Il les avait lues depuis plusieurs jours lorsque arriva enfin par la poste une lettre de Monsieur. Mais le prince se contentait d’annoncer qu’il était à Londres, attendant, disait-il, une occasion sûre pour révéler les motifs de son voyage. Il parut au Roi qu’en la circonstance, ce désir d’une occasion sûre n’était qu’un prétexte. Pour communiquer entre eux, les deux frères avaient un chiffre dont ils se servaient couramment.
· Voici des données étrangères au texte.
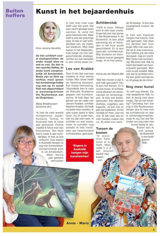 De één schildert vooral stadsgezichten, de ander maakt alles na wat ze ziet. De één is een rasechte Delftse, de ander komt oorspronkelijk uit Amsterdam. Beide zijn ze flink op leeftijd, maar geven hun kunstzinnige hobby nog niet op. Er wordt flink wat afgeschilderd door Maria Broekhuysen-Schievink (97) en Annie van der Maarel (86) in woonzorgcentrum Die Buytenweye aan de Chopinlaan. Lees de rubriek de Buitenhoffer(s) in de krant.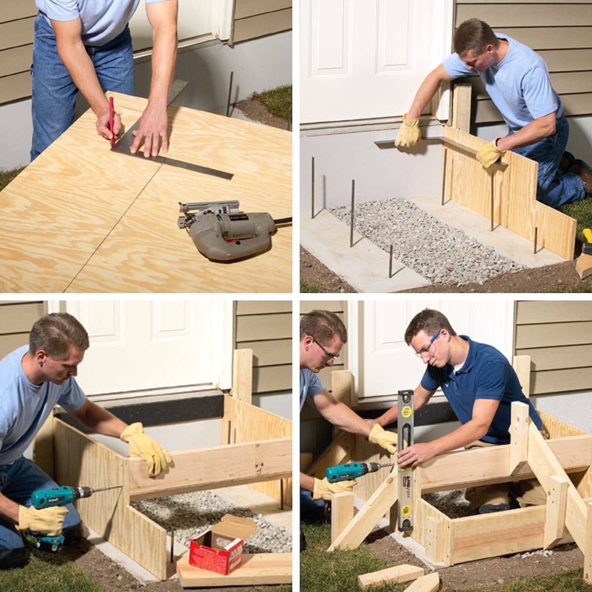 На фото показано как правильно из фанеры и досок собирать опалубку для крыльца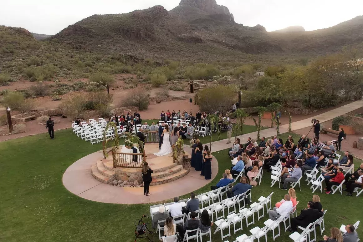 The Sunset Vista provides 3,000 square feet of outdoor space to host your heartfelt wedding ceremony. Here, you and your beloved can exchange vows against the breathtaking backdrop of the Tucson Mountains. Afterward, guests can transition to the Catalina Terrace, the venue’s 5,000-square-foot patio space. Set against the Catalina Mountain Range, this area is ideal for a relaxed cocktail hour while the newlyweds take advantage of the property’s scenery for their wedding photos.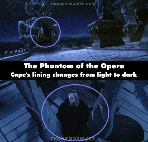 Continuity mistake: On the Opera House's rooftop, the lining of the Phantom's cape goes from light-coloured to black before and after he jumps on the statue. It has nothing to do with lighting, and his waistshirt proves it: much darker than the cape's original lining, it makes it obvious the cape's turned dark since the waistshirt looks paler against it. (01:15:55)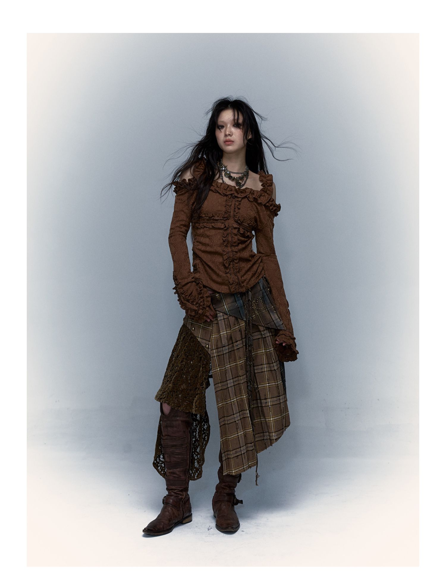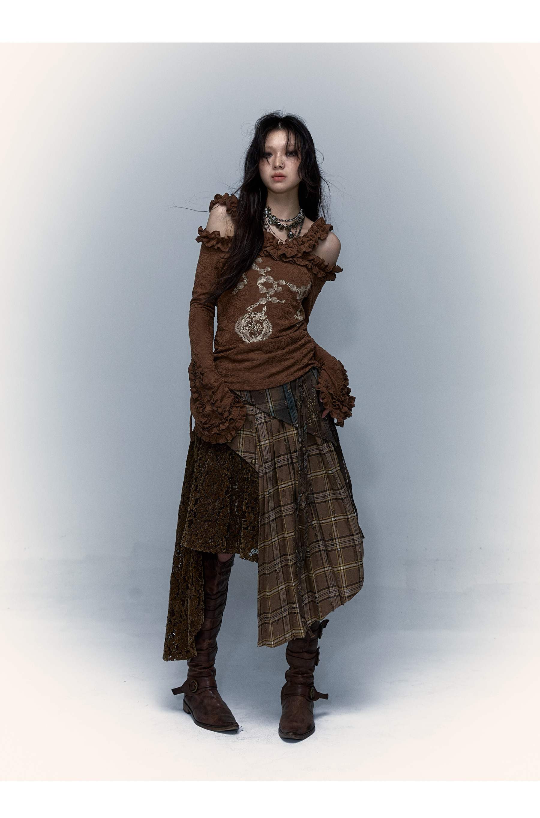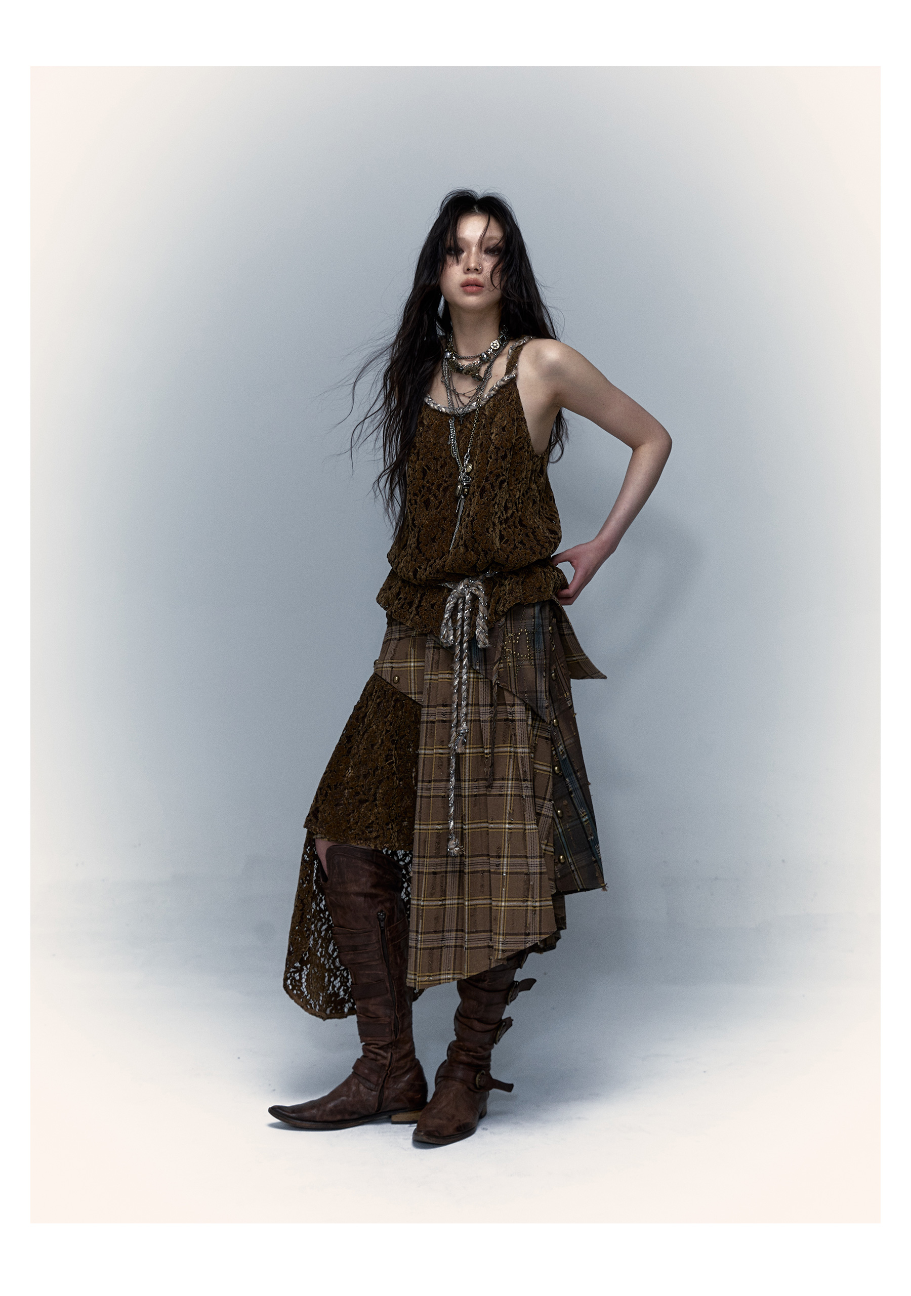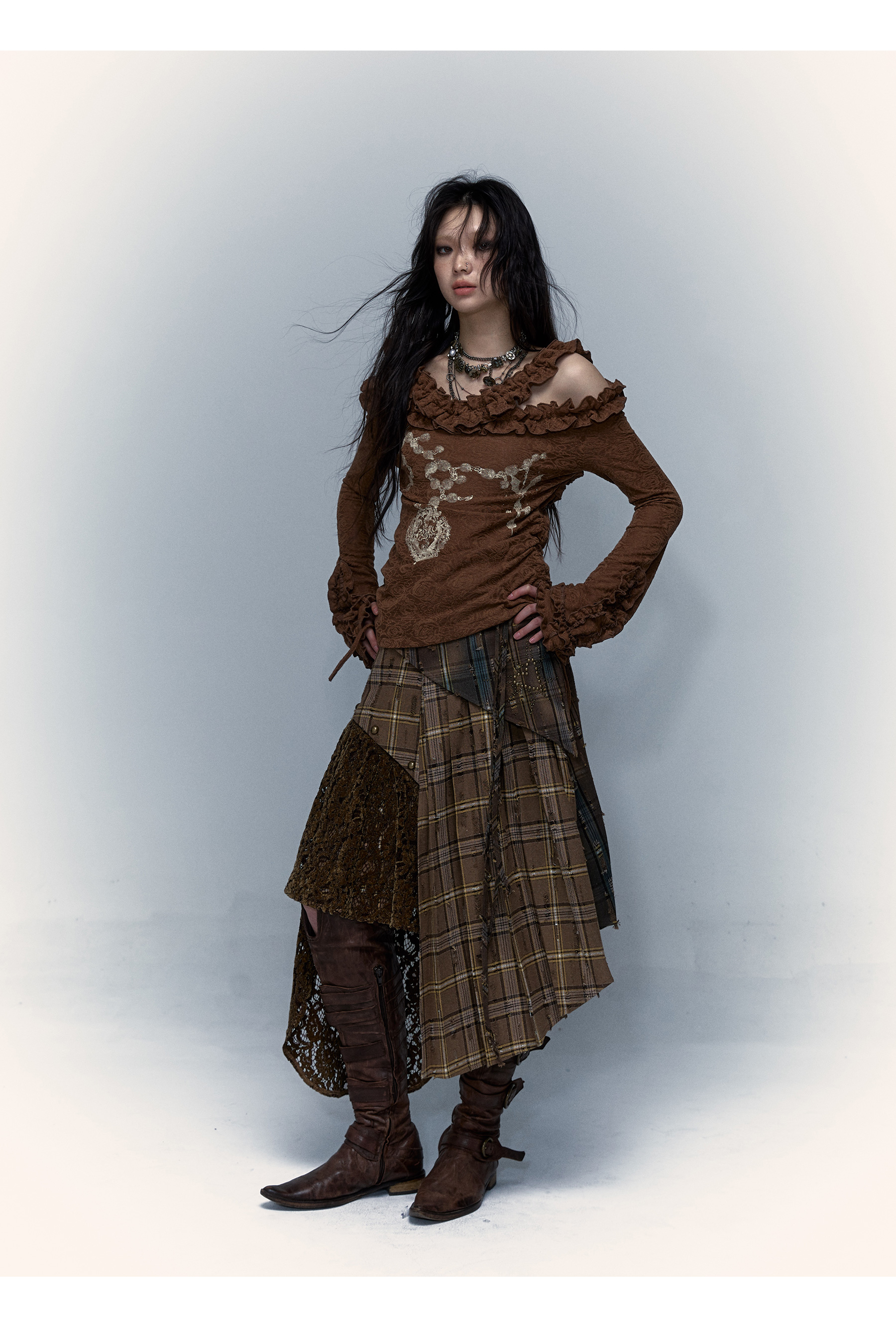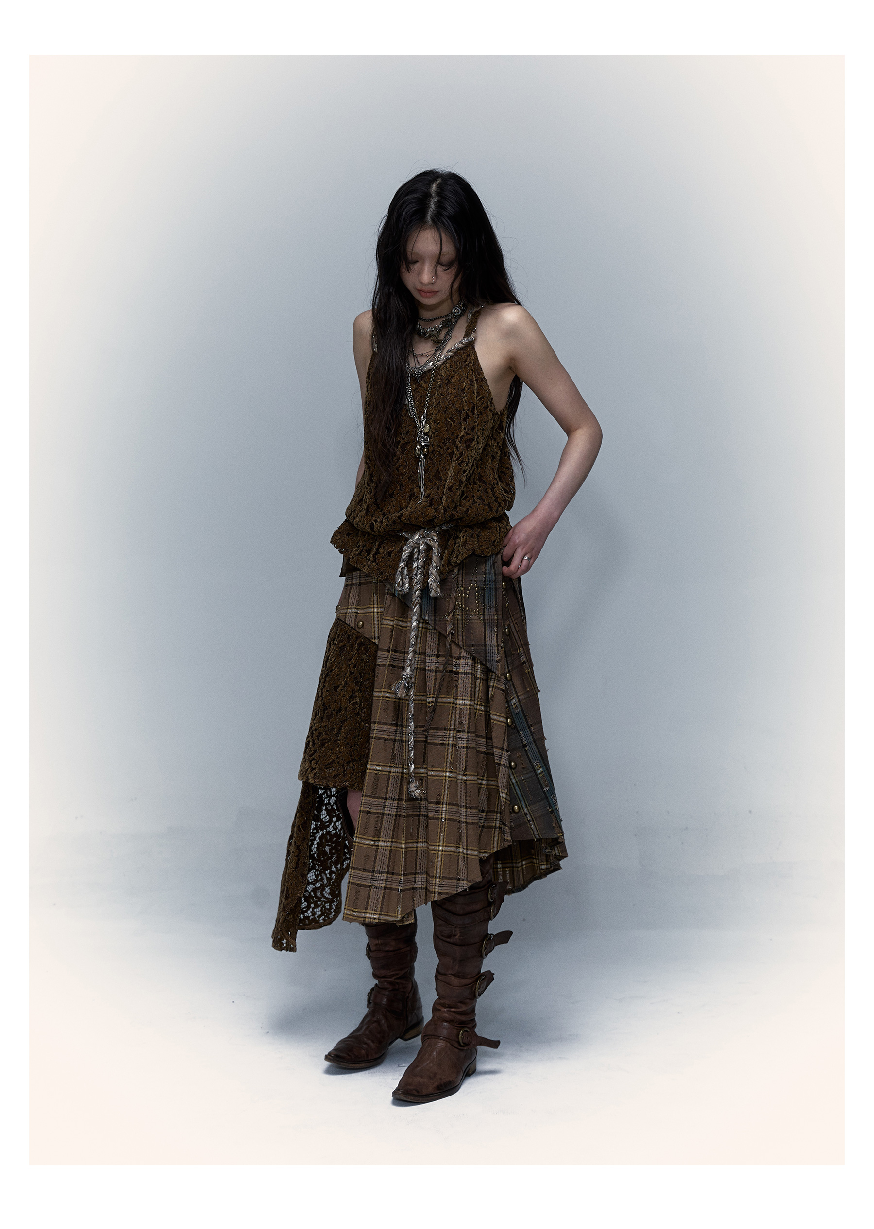 Irregular Pleated Skirt | Detachable Double-Wear Wilderness Punk Design

Si Monsieur, cette fois, ne s’en était pas servi, c’est qu’il voulait dissimuler au Roi les raisons de son déplacement et l’objet de ses conférences avec le Cabinet de Saint-James.

Le trait était d’une inconvenance telle qu’il sembla impossible au Roi de l’attribuer uniquement à la légèreté de Monsieur ; il y avait eu volonté de « couvrir un mystère, » peut-être même d’user de représailles. À ce moment, en effet, s’étaient engagées entre les agens du Roi et les prétendus agens de Barras les fameuses négociations dont nous avons parlé ailleurs[1]. Lié par la promesse du secret, le Roi avait dû les taire à Monsieur. Mais il se pouvait que de fâcheuses indiscrétions eussent appris au prince ce qu’on lui cachait et qu’offensé par le silence de son frère, il eût voulu répondre par un mauvais procédé à ce qu’il considérait comme un acte de défiance, « procédé fort injuste, écrit d’Avaray dans une note qui est sous nos yeux, car la loi de réciprocité n’est pas applicable ici. Lorsque le Roi promet le secret à l’égard de tous, c’est un devoir pour lui de le garder même envers Monsieur. Au contraire, c’est un devoir pour Monsieur d’instruire le Roi de tout ce qui intéresse essentiellement le service de Sa Majesté. Lui eût-on même imposé la loi du secret, cette obligation contraire aux lois de la souveraineté et aux devoirs d’un sujet serait nulle. »

C’est la même thèse qu’expose le Roi dans la réponse qu’il fait à son frère. « Il n’y aurait qu’un cas où la réticence fût

  1. Voyez notre Histoire de l’Émigration, t. II, p. 241 et suivantes.